Skip to the content.

Homework 9, 11/17

Latency hiding in three-point average

Look at the example Fortran and C++ code in the hw9 directory of your assignments repo (be sure to pull from the work repo!). These codes implement a blocking ghost zone exchange for a 1D vector assuming periodic boundary conditions. The operation performed in parallel on the vector is a simple three-point rolling averaging.

  1. With your group, come up with a design plan for how to adapt this code to implement “latency hiding.” By this we mean to overlap communication and calculation by posting non-blocking communication calls, then instead of waiting for those calls to complete, going ahead and perform all calculations that do not depend on the data being communicated.
  2. Now, go ahead with implementing a latency-hiding version of the three point averaging function. Check that your code works and gives the correct result on 1, 2, and 4 processors.
  3. Compare the performance of the non-blocking version of the code to the blocking version of the code for up to 200 ranks keeping the array size per-rank fixed.
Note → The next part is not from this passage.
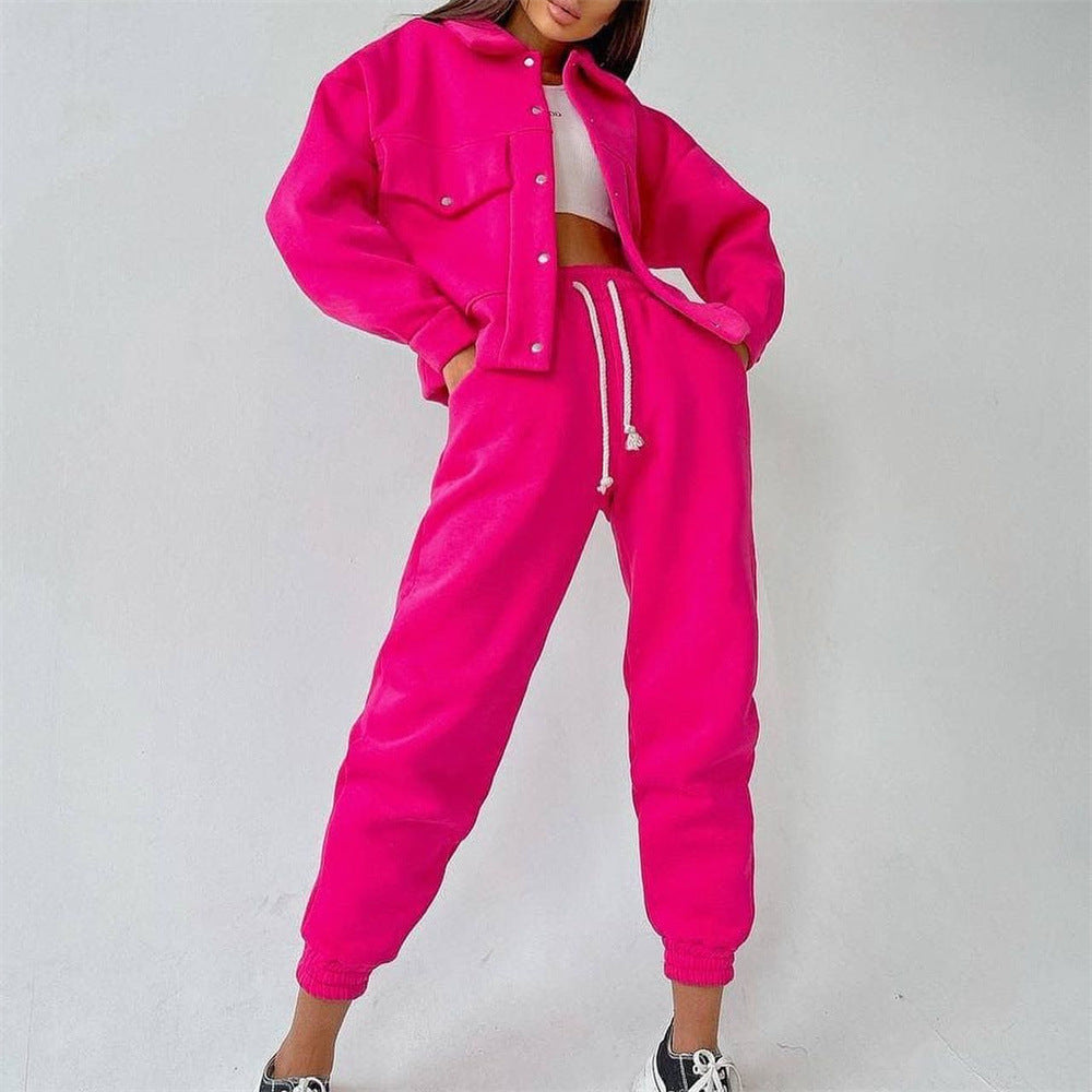 طقم مكون من قطعتين: بنطلون كاجوال، معطف، سويت شيرت، بأكمام طويلة

Latency hiding with one-sided MPI

  1. Watch the lecture by Bill Gropp on One-sided MPI.
  2. Modify your three-point averaging code to use one-sided MPI communication to achieve the halo exchanges.
  3. Implement overlapping communication and calculation then be sure to correctly handle computing the “boundary” values that depend on halo data.
  4. Verify that you get sensible results for arbitrary number of processors and global array sizes.
  5. Compare the relative performance of the non-blocking and one-sided versions of your three-point averaging code for up to 200 ranks keeping the array size per-rank fixed.

What to turn-in

To your git repo, in the hw9 directory, commit your final, working code for both the non-blocking and one-sided three-point averaging. Also commit a PDF describing the relative performance of the codes including plots. Your final code and write-up is due in one week, on 11/17.